Ben Beuchler (insyte) wrote :

Any progress on a patch? I'm running into the same problem. If not, would you mind providing a bit more info describing the necessary steps to get the 2.6.24 kernel installed on a Gutsy server?

Thanks...

the.jxc (jonathan-spiderfan) wrote :

Second part is easy. Fix yaird as above, download the .deb files, and "dpkg install" them both.

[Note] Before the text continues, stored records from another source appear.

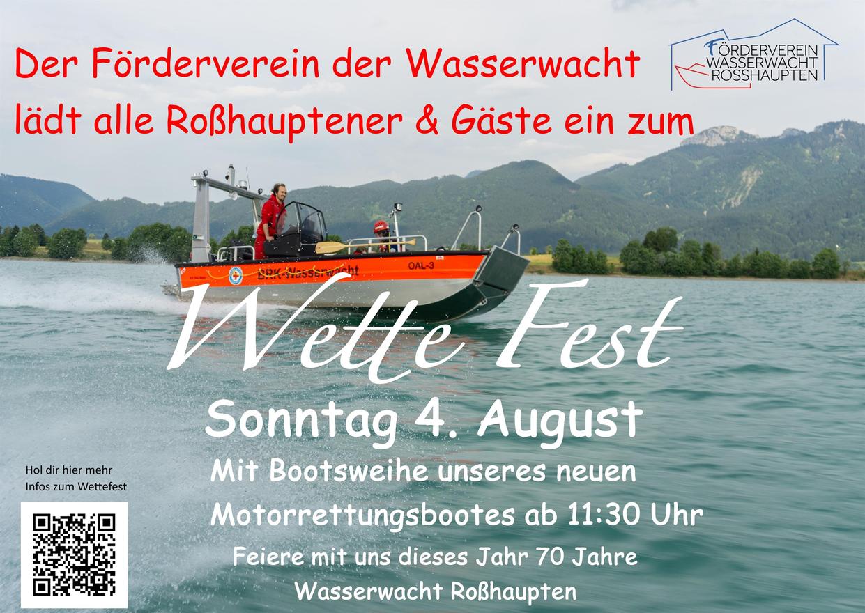 Der Förderverein der Wasserwacht Roßhaupten lädt alle Roßhauptener und Gäste herzlich zum Wettefest ein. Diese besondere Veranstaltung findet am Sonntag, den 4. August 2024, ab 11:30 Uhr im Stoager's Naturbad Wette statt. Das Fest markiert einen bedeutsamen Moment für die Wasserwacht, da das neue Motorrettungsboot feierlich eingeweiht wird. Die Bootsweihe beginnt um 11:30 Uhr und wird durch eine Segnung um 12:00 Uhr offiziell abgeschlossen.
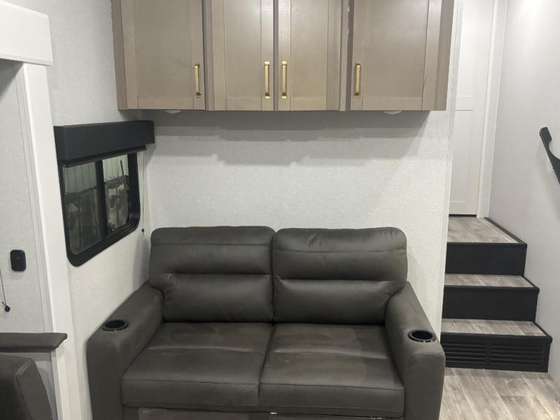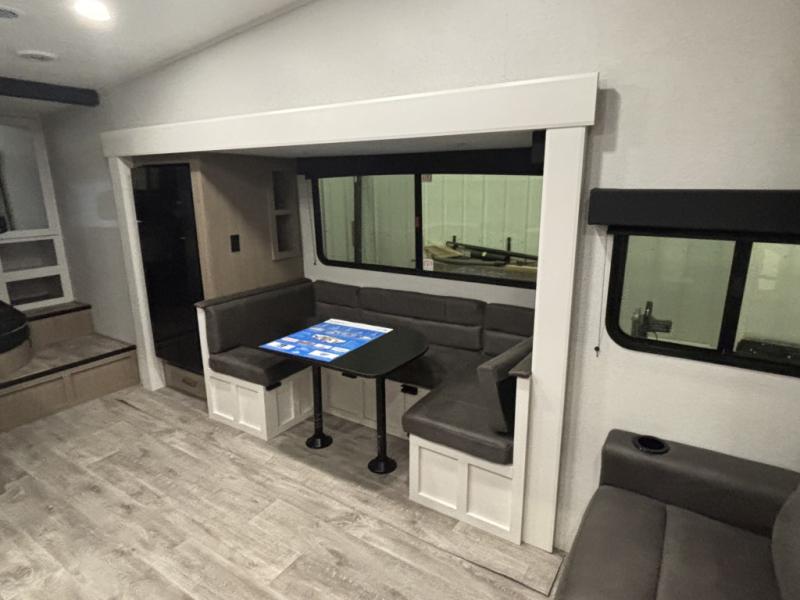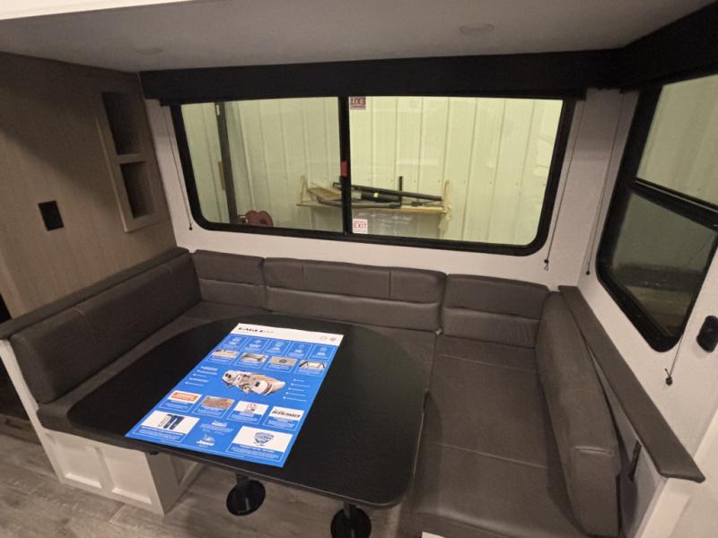 With any Eagle SLE fifth wheel by Jayco, you will enjoy a lighter tow weight, high-end finishes, and the same quality construction you've come to expect from Jayco! There is an Alpha Ply TPO roof membrane, a fully enclosed and heated underbelly, plus Stronghold VBL walls for added durability. There is also a rear 2" towing receiver outside, along with metal slam latch baggage doors, MORryde Step Above entry steps, and a Winegard Air 360 antenna with router prep if you want to stay connected as you camp. Once inside you'll enjoy the handcrafted door/drawer fronts, shower skylight, and residential vinyl flooring throughout with no carpet for an easier clean. The on-demand water heater, 30K BTU furnace, and 15K BTU "Whisper Quiet" A/C will ensure your comfort, and the Overland 1 Solar Package will provide off-grid capabilities!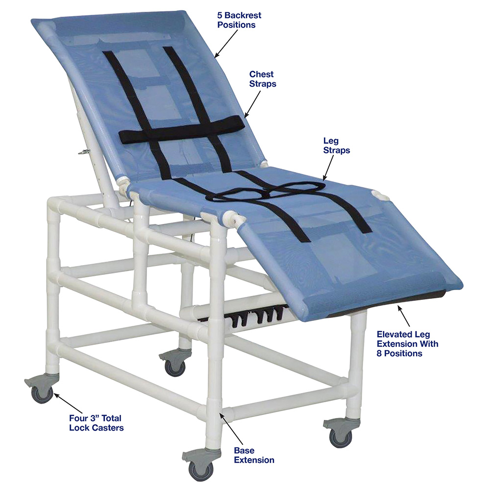 Healthcare Grade, Reinforced At All Stress Related Areas, Multi-Positioning Shower Chair, 5 Backrest Positions, Elevated Leg Extension With 8 Positions, Chest and Leg Straps Can Be Adjusted And Repositioned for Comfort And Security, Small Bath Chair Fits In Standard Size Bath Tubs.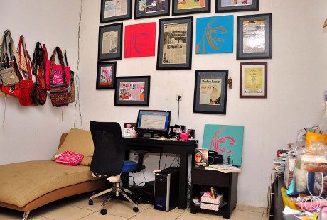 Ruangan yang dimaksud Asma adalah kamar yang terdapat komputer untuknya menulis cerita. Sekaligus lokasi menaruh barang usahanya seperti tas-tas yang merupakan desain barangnya.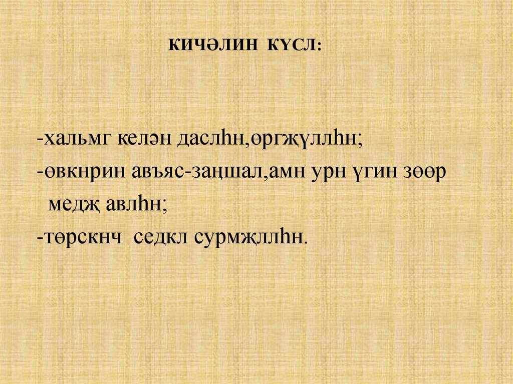 КИЧӘЛИН КҮСЛ:-хальмг келән даслһн,өргҗүллһн;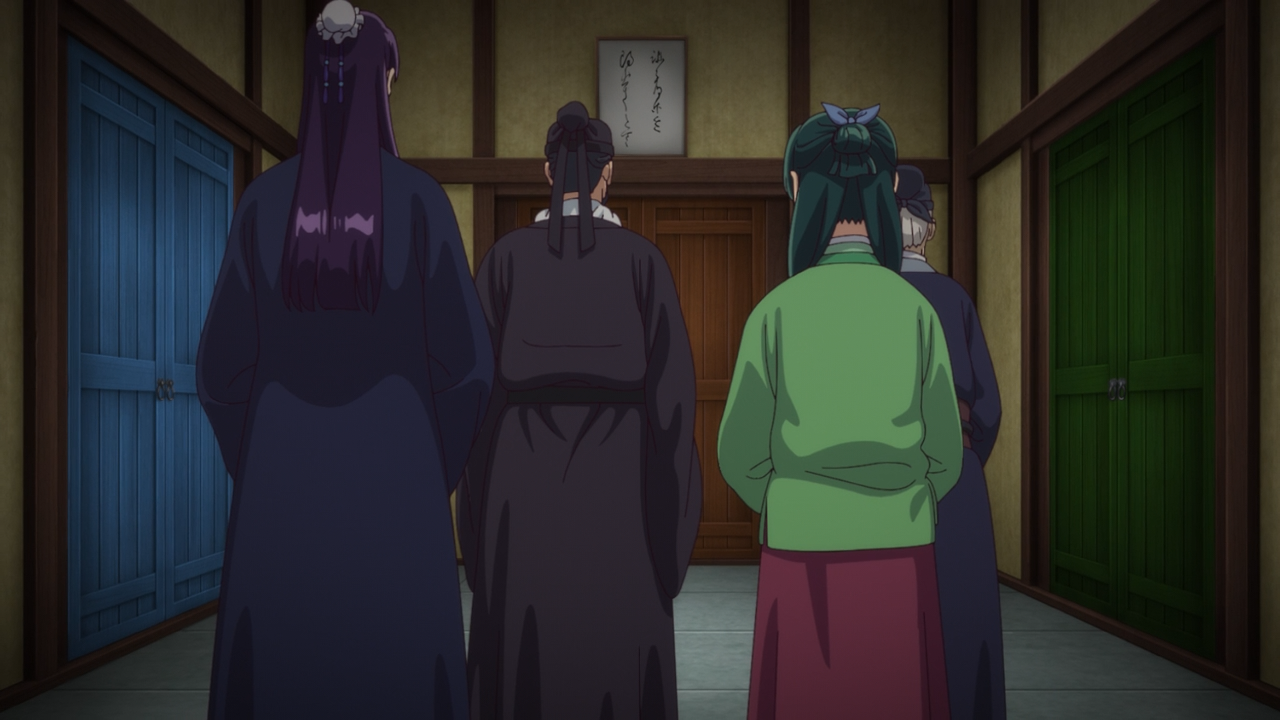Maomao and Jinshi were invited to join the emperor to go through the Shrine of Choosing that had been around since the founding of the nation. The challenge was straight forward, pick a door of color and try to make it to the end where it’d declare one to be the rightful heir.

I had no hassles with that.

J. Bruce Fields suggested the following two patches, but I didn't use those.

http://git.linux-nfs.org/?p=trondmy/nfs-2.6.git;a=commitdiff;h=255129d1e9ca0ed3d69d5517fae3e03d7ab4b806
 http://git.linux-nfs.org/?p=trondmy/nfs-2.6.git;a=commitdiff;h=a6d85430424d44e946e0946bfaad607115510989

...I just downloaded the ubuntu source for the kernel I had, and manually patched the lockd driver.

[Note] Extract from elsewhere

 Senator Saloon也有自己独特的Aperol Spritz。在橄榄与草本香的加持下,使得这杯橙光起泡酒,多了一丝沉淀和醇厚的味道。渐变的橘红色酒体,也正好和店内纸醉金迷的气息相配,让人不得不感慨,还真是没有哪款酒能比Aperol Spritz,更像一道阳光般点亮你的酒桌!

Russel Winder (russel) wrote :

I am running fully up to date Gutsy server and am getting what I think is the same problem as is reported here. After an indeterminate amount of time and/or activity, the [lockd] process on the server goes from S state to D state and all queries from clients result in messages such as:

Feb 28 07:59:36 balin kernel: [73693.569139] lockd: server dimen not responding, still trying

and hang forever.

I tried stopping and then starting nfs-common and nfs-kernel-server but the [lockd] process remains and in state D. Killing it explicitly has no apparent effect. A new [lockd] process appears in the process table after the restart of nfs-kernel-server but it appears not to be used.

The only remedy appears to be to reboot the server and then it seems all the clients.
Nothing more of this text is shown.